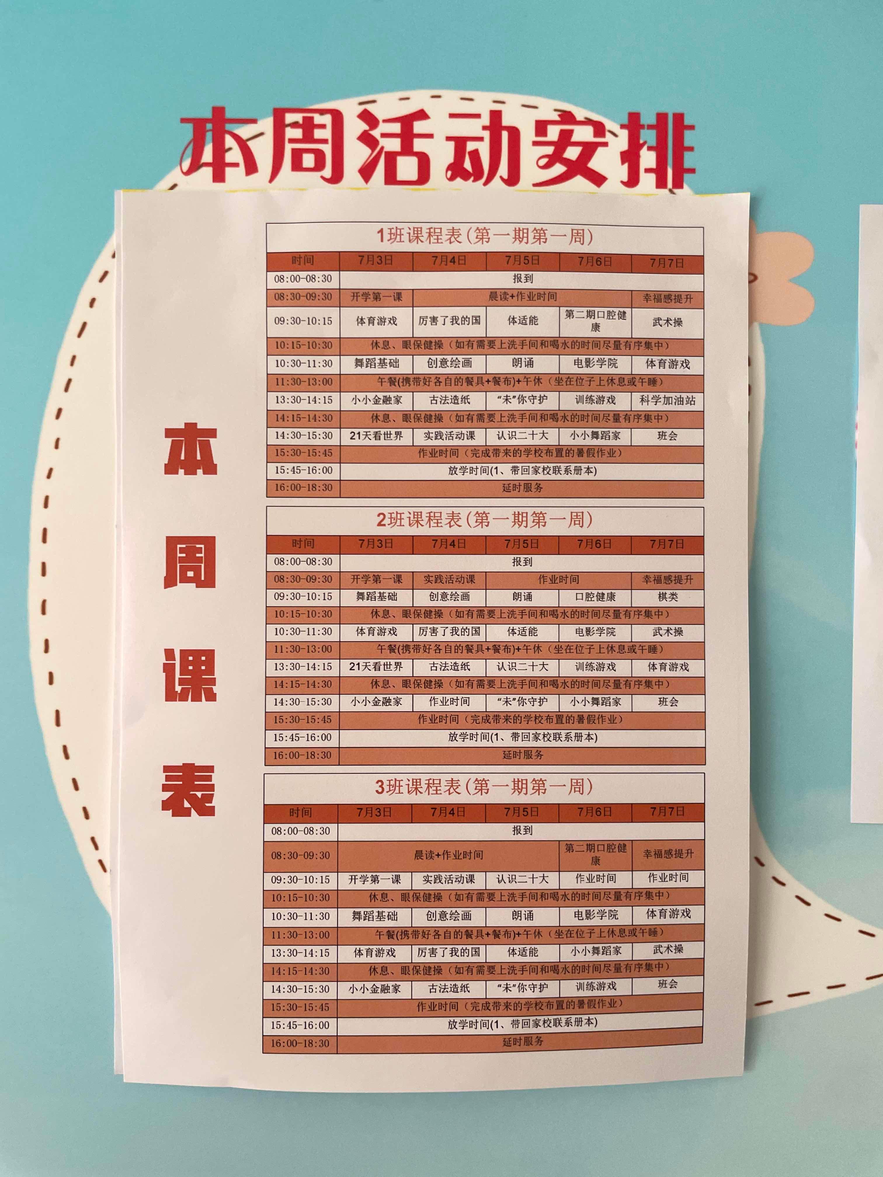 校园里张贴的课程表显示,课程包括:舞蹈基础、创意绘画、朗诵、电影学院、体育游戏、古法造纸等。同时结合虹梅街道科创特点,开设符合小学生身心发展特点的拓展课程,包括园区特色课程一一斯泰兰蒂斯绿色低碳课程“未来电动汽车”、国电科21所科普知识课程“航空航天是什么”、九点水美术馆馆长艺术修养课程“文物里的秘密”等。
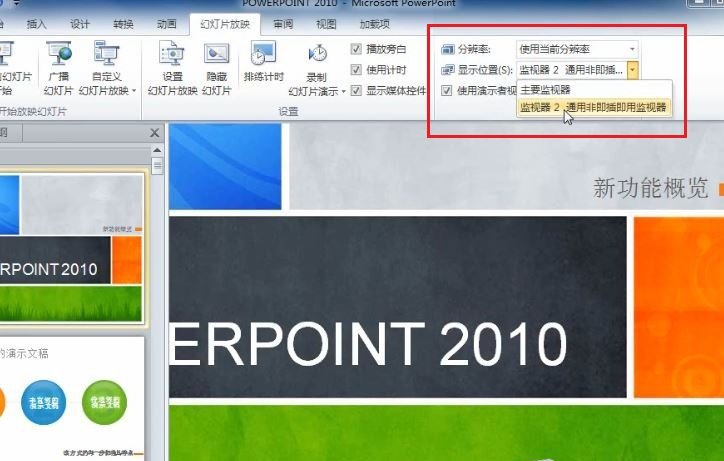1. 打開 PowerPoint 2010,點擊“幻燈片放映”選項卡,在“監(jiān)視器”選項組中有一個“使用演示者視圖”選項,該選項的作用就是將全屏的幻燈片投射到大屏幕上,而我的計算機不僅能看到幻燈片還能看到備注和計時的信息;
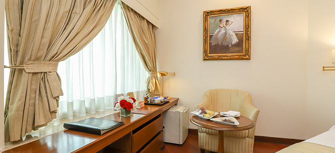 Our recently renovated Deluxe Room is a real retreat after a tiring journey. Modern décor, plush bedding and a variety of amenities make this the preferred choice.

______

- [Exercise description]: What is needed is an exact repeat of only the lines from the one containing "1. 打開 PowerPoint" through the last line of the listing above, both ends included, without the pictures.

- [Task output]:
1. 打開 PowerPoint 2010,點擊“幻燈片放映”選項卡,在“監(jiān)視器”選項組中有一個“使用演示者視圖”選項,該選項的作用就是將全屏的幻燈片投射到大屏幕上,而我的計算機不僅能看到幻燈片還能看到備注和計時的信息;
 Our recently renovated Deluxe Room is a real retreat after a tiring journey. Modern décor, plush bedding and a variety of amenities make this the preferred choice.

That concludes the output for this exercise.